- Sentinel-2 image of Bōsō Peninsula
- Bōsō Peninsula (Japan)
- Location: Kantō Region, Chiba Prefecture, Japan

Area
- • Total: 5,034 km^{2} (1,944 sq mi)
- Highest elevation: 408.2 m (1,339 ft) (Mount Atago)
- River: Tone River, Edo River, Obitsu River, Yōrō River, Koito River

= Bōsō Peninsula =

Peninsula encompassing most of Chiba Prefecture on Honshu

The Bōsō Peninsula (房総半島, Bōsō-hantō) is a peninsula that encompasses the entirety of Chiba Prefecture on Honshu, the largest island of Japan. It is part of the Greater Tokyo Area. It forms the eastern edge of Tokyo Bay, separating it from the Pacific Ocean. The peninsula covers approximately 5034 km2.

==Description==

The Bōsō Peninsula is defined by the Pacific Ocean to its east and south, Tokyo Bay to the west, and the Edo and Tone rivers to the north. The Bōsō Hill Range forms the backbone of the south of the peninsula, and much of the area is hilly. Mount Atago in Minamibōsō and Kamogawa is the highest point on the peninsula with an altitude of 408.2 m. From south to north the Bōsō Hill Range gives way to the Shimōsa Plateau, which covers much of the area of northern Chiba Prefecture, and ends in the lower areas around the Tone River.

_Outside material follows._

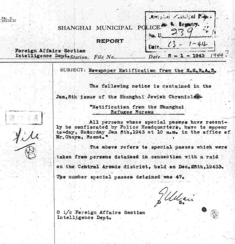 Chronicle of Jan 9th, 1944, the Shanghai Stateless Refugee Affairs Bureau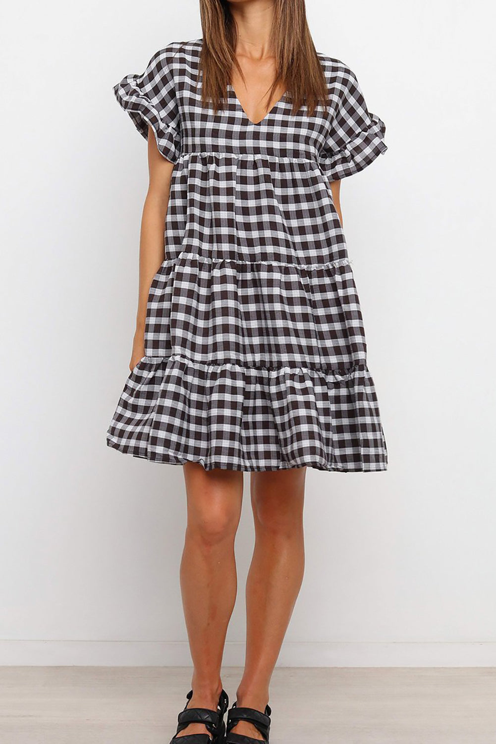 • Load image into Gallery viewer, Ruffled Plaid Tiered Swing Dress

The northern and western parts of the Bōsō Peninsula are highly urbanized. The Shimōsa Plateau and the coastal lowlands and interior river valleys are chiefly used for rice cultivation. The western coast of the peninsula is home to the Keiyō Industrial Zone, which ranges from Urayasu on the border of Tokyo in the northwest of the peninsula to Futtsu to the south. The Tokyo Bay Aqua-Line, a bridge-tunnel across Tokyo Bay, connects Kisarazu with the city of Kawasaki in Kanagawa Prefecture. The northeast of the peninsula is home to Suigo-Tsukuba Quasi-National Park, which spans across both Ibaraki and Chiba prefectures, and much of the remainder of the eastern coast of the peninsula is designated as Minami Bōsō Quasi-National Park.

==Etymology==

The peninsula gets its name and kanji from the former provinces that were located there: Awa (安房), Kazusa (上総) and Shimōsa (下総). The Japan Meteorological Agency refers to the west and east coasts of the peninsula as Uchibō (内房) and Sotobō (外房) respectively.